Multidimensional Arrays vs Method References

Playing with multidimensional arrays and method references can be tricky sometimes.

1. Referencing Array’s Constructor

Let’s say we want to create a function that takes an integer value and returns an array with a size initialized to that value.

We can do that fairly easily using a Lambda Expression literal:

size -> new String[size]

but…what if we wanted to grant it its own name?

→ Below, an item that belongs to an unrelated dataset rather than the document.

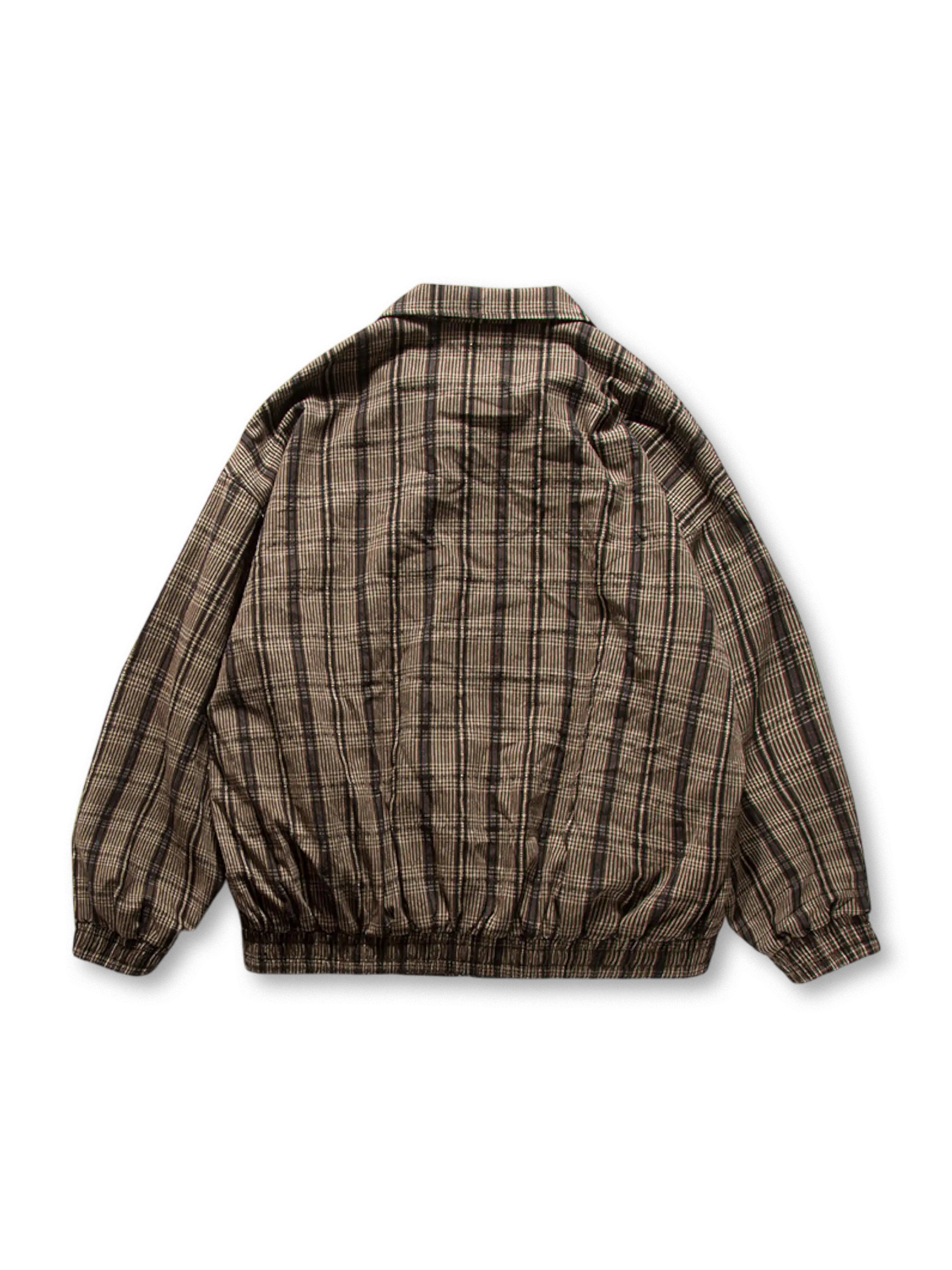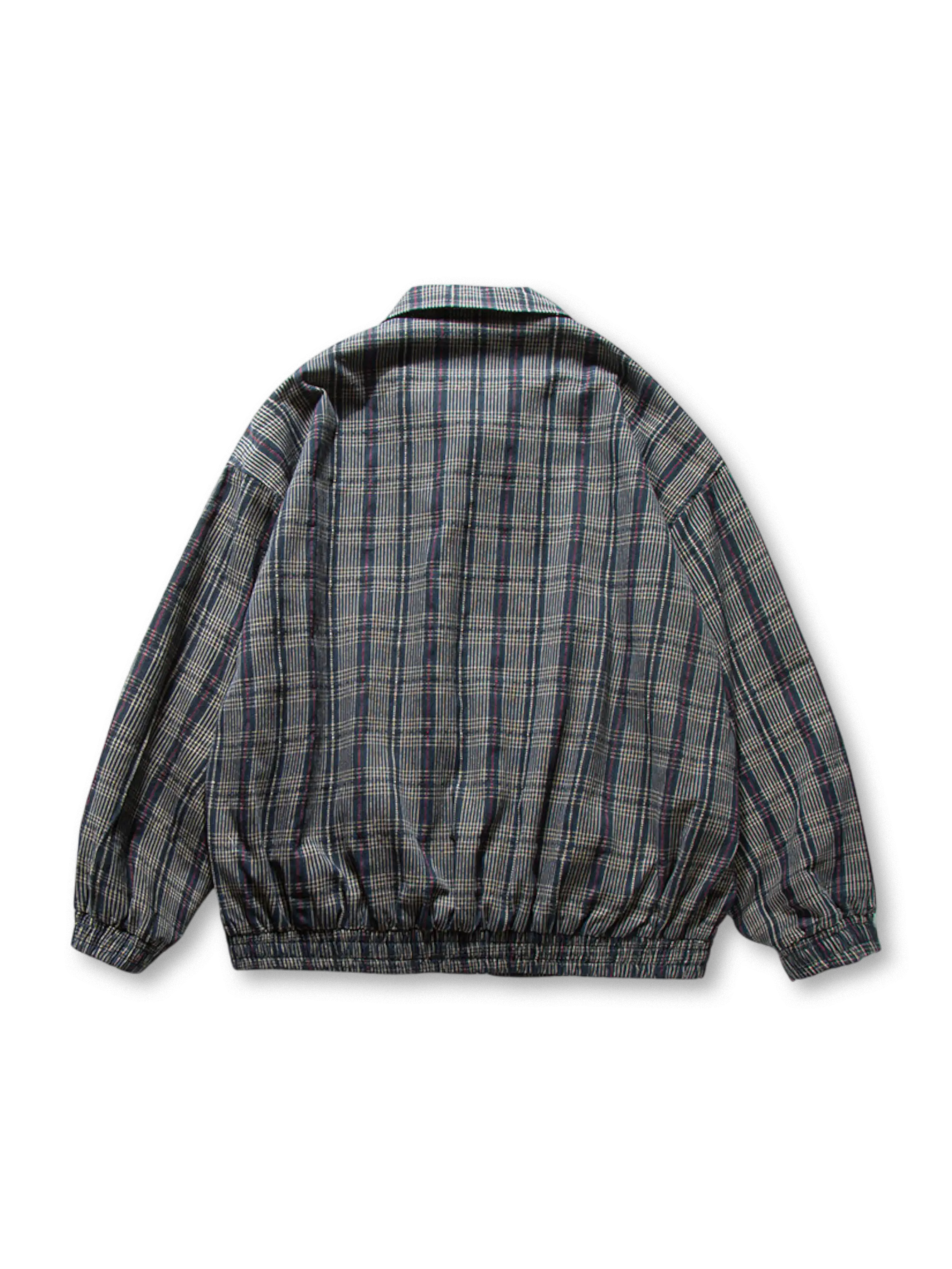 レトロなチェック柄が目を引く一着で、襟付きデザインとワーク感を意識したカバーオール風ディテールが特徴。裾と袖口にゴムを配し、ふんわりとしたボリュームのあるシルエットを演出。100%コットン生地を使用し、春秋のライトアウターとしても活躍します。デニムやチノパンなど、さまざまなボトムスとの相性も良く、日常からアウトドアまで幅広いコーディネートに対応可能。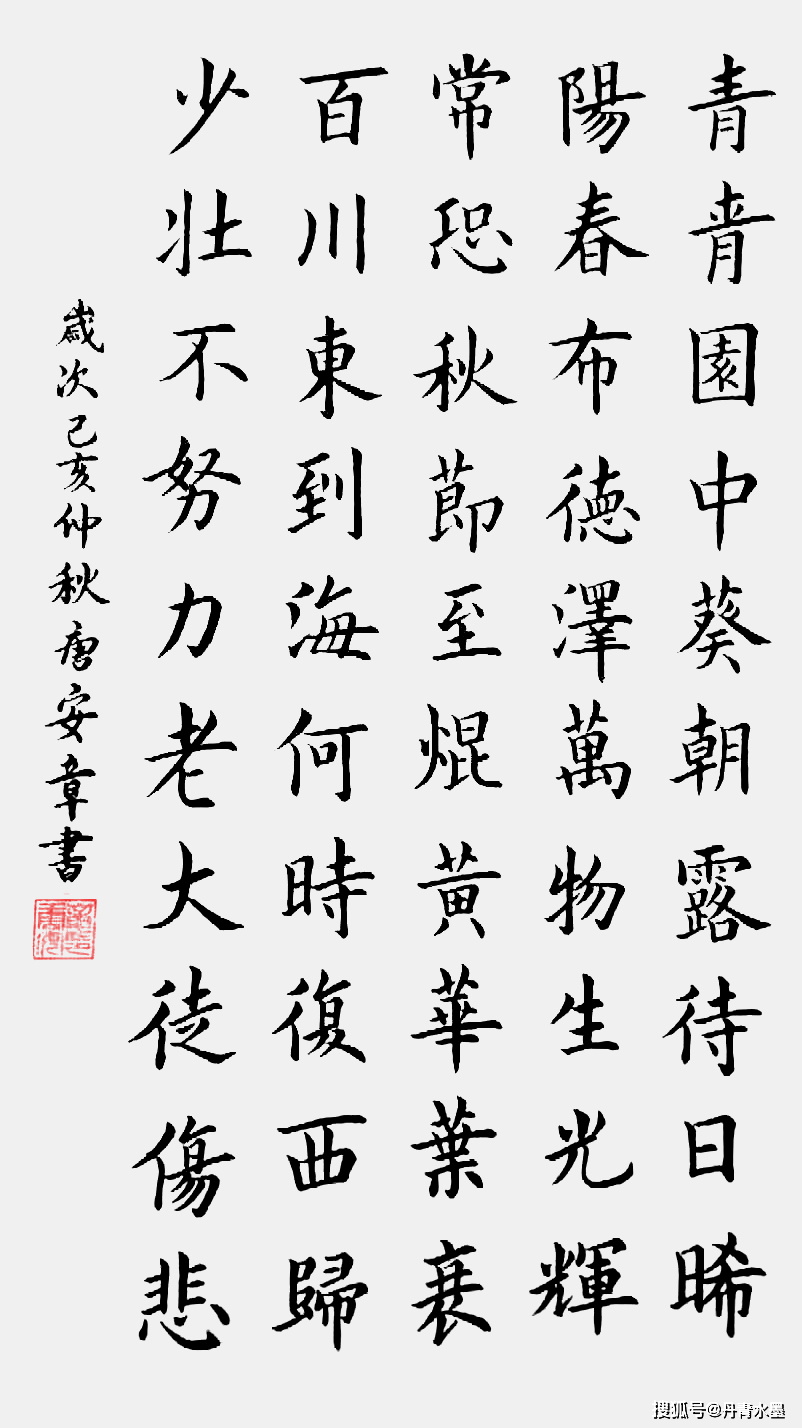 书法法能力高低鉴证,有“楷法无欺”的说法。如若楷书写得无所建树,必是空有书法家的名号。当代书坛,楷书不修,真笔不练的问题比比皆是。楷书能力不足,执笔铺陈笔墨定然不会有力透纸背的神勇。反观唐安章先生的楷书作品,可见真书创作的正大气象!完具楷书无欺的真功夫! 他的楷书以欧楷为根本,用笔平险相依,端正写本,欹险作趣,笔笔到位,必见精绝。又吸纳了颜筋柳骨,侧笔必蓄势饱满而落,努笔可见直中寓曲,啄笔快利,勒笔急去,绝无算子之状,上下非齐平,左右非方整,点画飞仪,翰墨多姿,把楷书的实用性和艺术性调节得相当和谐,恰是文人书风的古今永传。 唐安章先生在着实的楷书功夫而著称,是书坛的实力派。基由楷书修养,再作行草要妙,便显得功到自然成,毫无障碍。他的行草书法,也是临帖悟法的见证,把书法本为线条艺术的真谛表现得无以复加!极其重视笔法塑造线条的多姿多趣!一笔拉过来,如鸿飞兽骇,亦如虬龙蜿蜒,落笔相当利索,从不拖泥带水!这就是临池不辍,因熟而致巧的见证!

There’s a number of ways to do that. The two most natural ways would be to represent it either as a Function<Integer, String[]> or an IntFunction<String[]>:

IntFunction<String[]> foo1 = size -> new String[size];
Function<Integer, String[]> foo2 = size -> new String[size];

Since our logic is trivial and we’re just passing a raw parameter straight to the constructor, we might as well directly reference the array’s constructor to avoid boilerplate:

IntFunction<String[]> foo1 = String[]::new;

2. Referencing Multidimensional Array’s Constructor

Why not do the same with a 2D array?

BiFunction<Integer, Integer, String[][]> foo2D =
(rows, cols) -> new String[rows][cols];
BiFunction<Integer, Integer, String[][]> foo2D2 = 
String[][]::new; // compilation error

Unfortunately, the Method Reference approach leaves us with a compilation error. Do you already have an idea why?

Since multidimensional arrays in Java aren’t really multidimensional (they’re just arrays of arrays), when writing String[][]::new, we’re still referencing exactly same one-parameter constructor as in the first example:

IntFunction<String[]> foo1 = String[]::new;

It’s just the type that array stores isn’t String anymore but String[]:

IntFunction<String[]> foo1 = String[]::new;
IntFunction<String[][]> foo2 = String[][]::new;

Essentially, both cases could be represented as a generic IntFunction<T[]>.

Hopefully, everything becomes clear if we look at the standard Lambda Expression equivalent of the second example:

IntFunction<String[][]> foo1 = size -> new String[size][];

This short write-up was sponsored by this StackOverflow question.